### What you should do
Your answer must be the exact lines below, starting with the line with "Offering 4 new" and going on through the line with "新建成的城市副中心總建筑面積", both included, with no pictures.

Source data

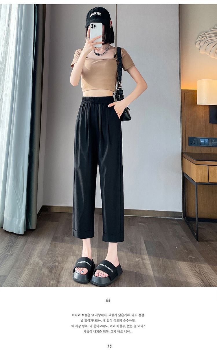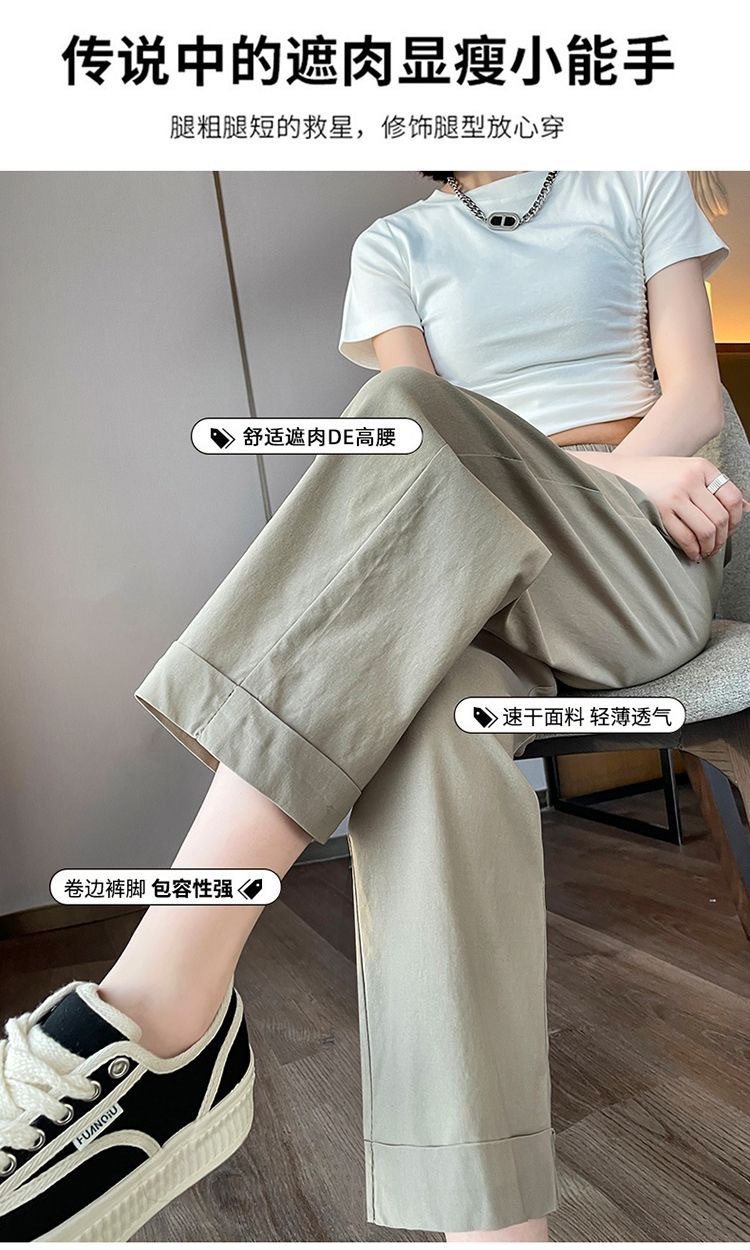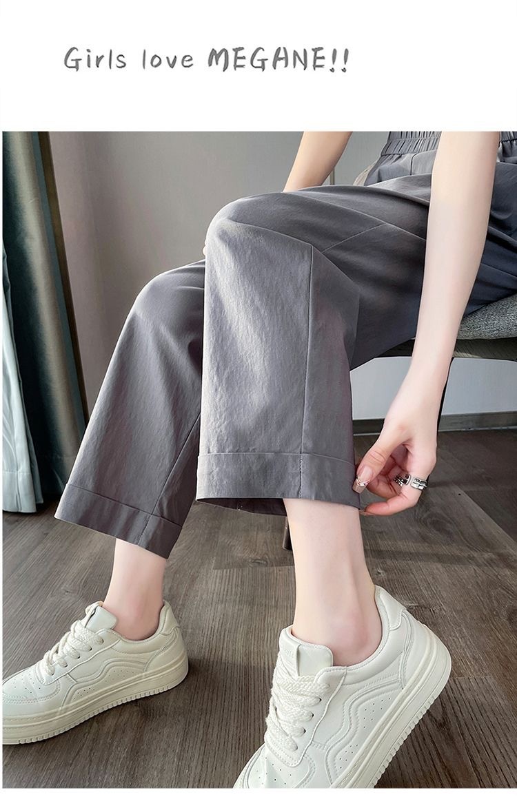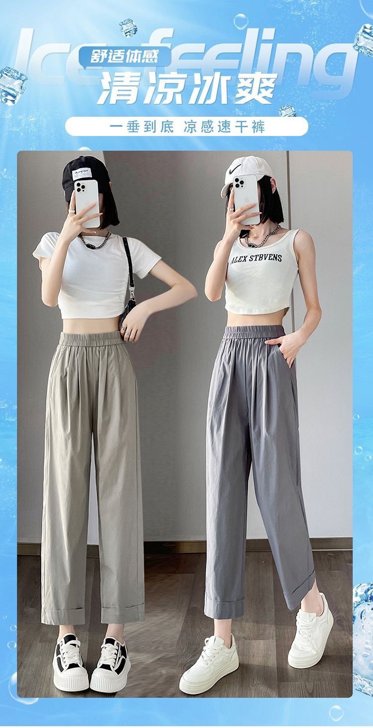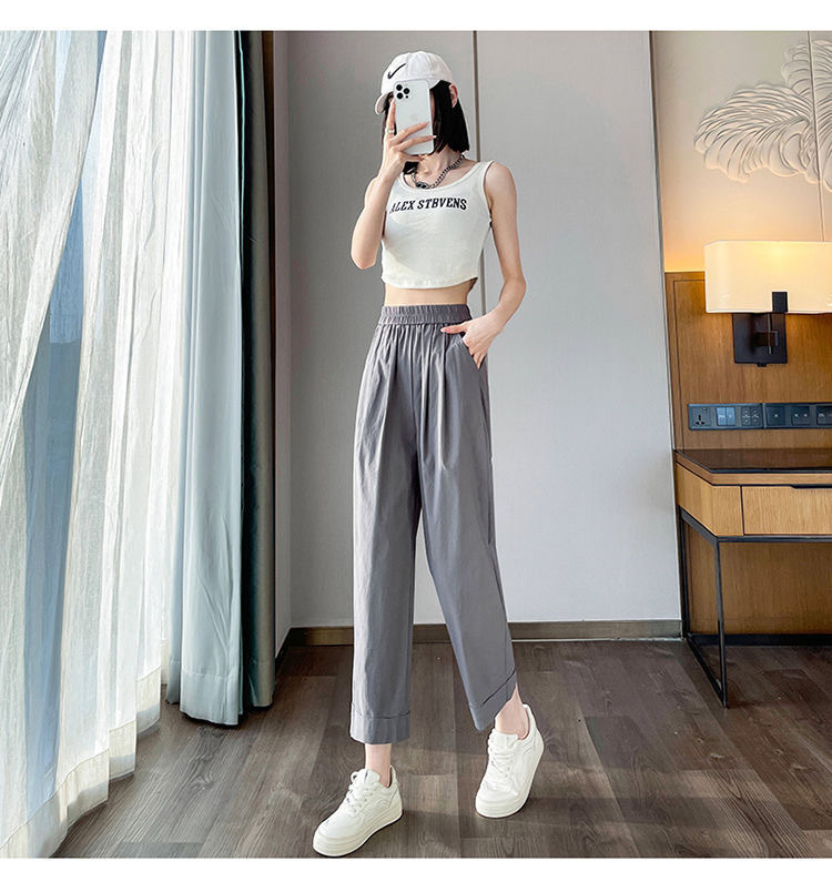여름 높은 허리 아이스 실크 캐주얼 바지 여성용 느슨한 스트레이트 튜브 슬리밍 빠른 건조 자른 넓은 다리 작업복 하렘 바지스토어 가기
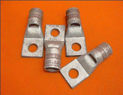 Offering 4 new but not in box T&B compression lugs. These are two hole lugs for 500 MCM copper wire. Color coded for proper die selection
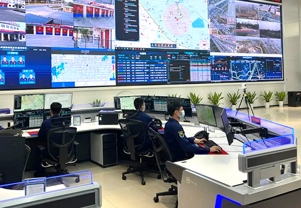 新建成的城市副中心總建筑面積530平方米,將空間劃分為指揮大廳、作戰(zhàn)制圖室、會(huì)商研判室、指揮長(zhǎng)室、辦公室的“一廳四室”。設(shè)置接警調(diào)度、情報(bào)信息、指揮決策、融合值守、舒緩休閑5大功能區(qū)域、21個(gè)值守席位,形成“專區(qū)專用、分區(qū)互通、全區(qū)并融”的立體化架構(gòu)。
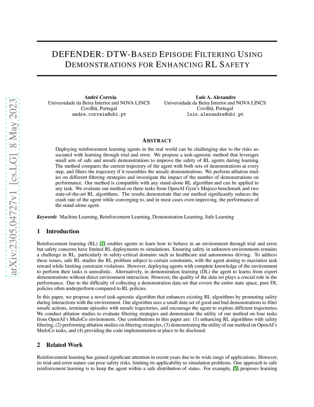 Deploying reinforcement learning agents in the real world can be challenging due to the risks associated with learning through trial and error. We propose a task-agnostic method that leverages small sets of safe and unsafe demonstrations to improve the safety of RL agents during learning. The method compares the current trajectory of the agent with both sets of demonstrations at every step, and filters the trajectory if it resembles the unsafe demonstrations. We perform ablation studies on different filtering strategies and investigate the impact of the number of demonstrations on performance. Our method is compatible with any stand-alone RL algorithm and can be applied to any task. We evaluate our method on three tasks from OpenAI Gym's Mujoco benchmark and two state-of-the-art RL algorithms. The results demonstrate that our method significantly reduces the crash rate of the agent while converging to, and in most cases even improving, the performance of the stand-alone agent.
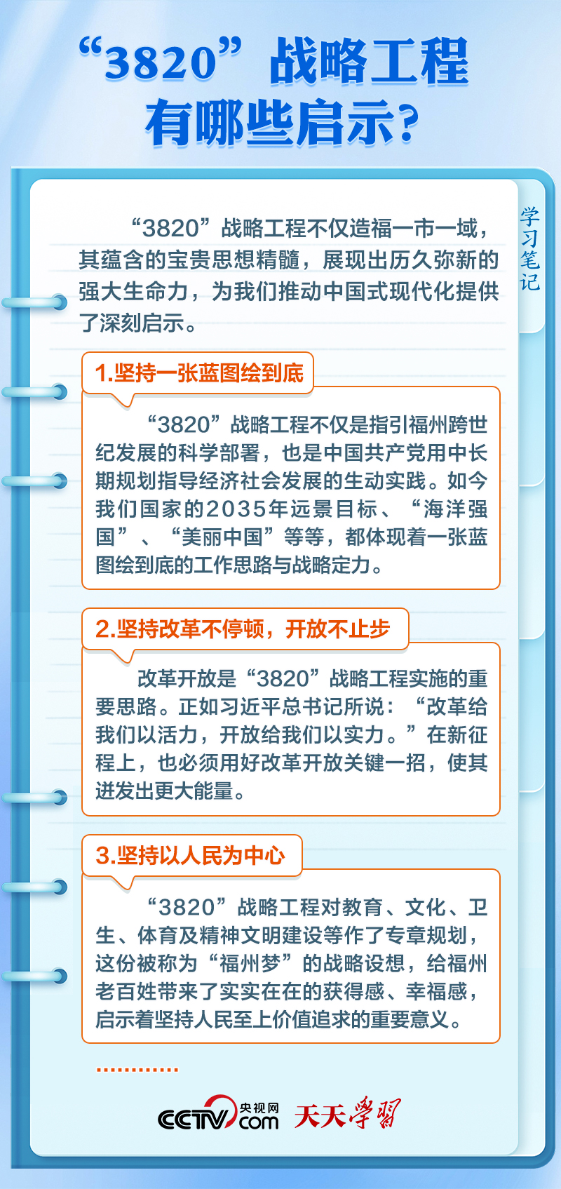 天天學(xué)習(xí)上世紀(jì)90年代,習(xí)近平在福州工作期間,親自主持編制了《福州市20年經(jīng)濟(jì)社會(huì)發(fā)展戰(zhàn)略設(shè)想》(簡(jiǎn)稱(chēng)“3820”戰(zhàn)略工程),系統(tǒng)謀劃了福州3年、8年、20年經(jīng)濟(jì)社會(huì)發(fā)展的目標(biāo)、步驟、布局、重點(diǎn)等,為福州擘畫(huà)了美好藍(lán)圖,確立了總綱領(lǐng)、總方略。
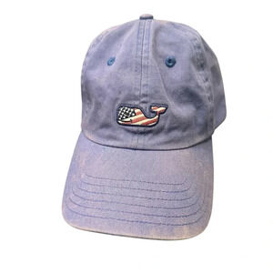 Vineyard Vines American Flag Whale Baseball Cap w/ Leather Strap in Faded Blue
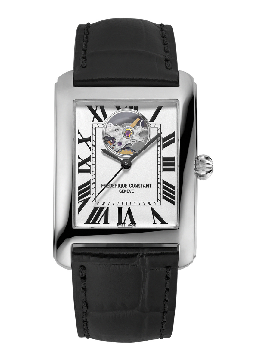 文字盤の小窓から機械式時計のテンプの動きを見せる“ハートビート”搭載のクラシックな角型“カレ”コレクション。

### Reply
 Offering 4 new but not in box T&B compression lugs. These are two hole lugs for 500 MCM copper wire. Color coded for proper die selection
 新建成的城市副中心總建筑面積530平方米,將空間劃分為指揮大廳、作戰(zhàn)制圖室、會(huì)商研判室、指揮長(zhǎng)室、辦公室的“一廳四室”。設(shè)置接警調(diào)度、情報(bào)信息、指揮決策、融合值守、舒緩休閑5大功能區(qū)域、21個(gè)值守席位,形成“專區(qū)專用、分區(qū)互通、全區(qū)并融”的立體化架構(gòu)。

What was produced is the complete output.